同時に、テラスの端にある階段のところで何かが瞬いた。
月の光のような淡い光が周りを照らしている。ホールの明かりが漏れているのではない。
あれは……。
「アルト!」
叫ぶ。
光の中心にある影がピクリと身を竦めたのが見えた。一気に輝きが増し、満月に負けない光の中でアルトがうずくまっている。階段の手すりにつかまって身を支えているが、今にも崩れそうだ。
駆け寄って身を引き寄せると、拒絶された。押し返す手は必死なのかもしれないが、力がこもっていない。
知らず、体が震えた。
震えに反応したように、アルトの体から小さな衝撃が来る。
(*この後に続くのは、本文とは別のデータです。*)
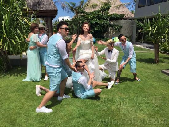 包文婧女王范儿被伴郎团围绕。
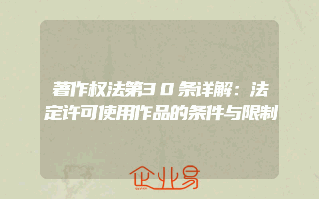 - 著作权法第30条详解:法定许可使用作品的条件与限制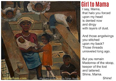 But you remainMadonna of the stoop,keeper of the lostand tattered.Shine, Mama. <!-- @page { margin: 0.79in } P { margin-bottom: 0.08in } </style> </span></span><br /><div style="margin-bottom: 0in;"> Shine!</div><div style="margin-bottom: 0in;"><i><br /></i></div><div style="margin-bottom: 0in;"><i>- Irene Latham</i></div><iframe allow="autoplay" frameborder="no" height="166" scrolling="no" src="https://w.soundcloud.com/player/?url=..." width="100%"></iframe>

冬に扉のノブを触った時に生じる小さな雷のような痛みがちりちりと全身を痺れさせる。
「頼む、今は、私を、見ないで……」
アルトが小さく呟いた瞬間、編んでいた髪がほどけ、宙を舞った。
ほんのりと光るだけだった指先はろうそくより光を帯び始める。足も腕も、ゆっくりと光に侵食されていく。ドレスが捲れてむき出しになった脛や腕が内側からの光で消えてしまうように感じられた。
アルトが消える!? 冗談じゃない!
思わずぎゅっと抱きしめたとき、アルトが魔力過多だと思い出した。
これは、魔力が、溢れて、暴走してるのか?
それだったら……。
「俺に何かできるか?」
形の良い耳元に口を寄せる。こんな時だが光輝くアルトは本当に綺麗だ。ふわりと鼻をくすぐる香りも、しなやかな感触も、すべてが魂を満たしてくれる。やはり俺にとってアルトは女神だと思う。大事な大事な、俺の女神。絶対に手放すもんか。
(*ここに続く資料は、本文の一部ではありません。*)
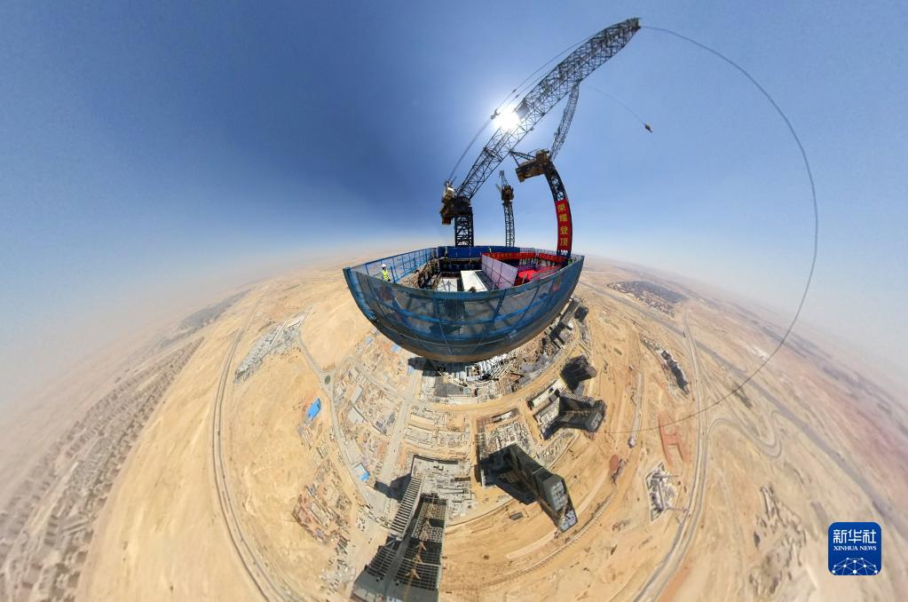 這是2021年6月17日在埃及開羅附近拍攝的埃及新行政首都中央商務(wù)區(qū)標(biāo)志塔(全景相機(jī)拍攝)。埃及新行政首都中央商務(wù)區(qū)位于首都開羅以東約50公里處,由中國(guó)建筑股份有限公司埃及分公司承建。新華社記者 隋先凱 攝

マントを取り、アルトを包む。このマントは魔封じの呪いがついていた。夜会で魅了の魔術を使う者がいて国が混乱した事例があるため、夜会に出る男性の多くは魔封じのアイテムを身に着ける義務がある。傾国によって文字通り国が傾くのを防ぐためだ。
そっと抱き上げる。トレーニングの時も思うがアルトはとても軽い。子どもの時にろくに物を食べていないので今もさほど食べないからかもしれない。それでは筋肉がつかないと言ったら何とか食べるようにはなったが、俺の1/3くらいだ。
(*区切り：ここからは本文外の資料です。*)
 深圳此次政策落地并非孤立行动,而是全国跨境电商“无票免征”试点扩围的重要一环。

暴れるかと思ったが、アルトはおとなしく抱えられてくれた。よかった。ほっとして思わず力が入る。
階段の下に人影が現れた。顔も覆っているので表情はわからない。
「そこにいるのは陛下の影か?」
尋ねると、案の定肯定の返事が来た。さすがティファール陛下。気配がないランドル殿下を見つける唯一の男だ。アルトの異変に気付いてくれたのだろう。
だが説明している時間はない。
「陛下に俺は急用ができたから帰ったと伝えてくれ。アルシア姫は初めての夜会で体調を崩したために塔に戻った、わかったな?」
影は頷いて姿を消した。
同時に階段を降り、厩舎に向かう。
馬車に乗せてやりたいところだが、準備の時間すら惜しかった。早く安心できる場所でアルトを休ませてやりたい。
魔力の暴走、俺に止められるんだろうか?
溢れている魔力は溢れるままにしてやったほうがいいのかもしれない。一定量溢れたら止まるかもしれないしな。そのあたりはアルトじゃないとわからないだろうが、手助けくらいできる男でありたいと思う。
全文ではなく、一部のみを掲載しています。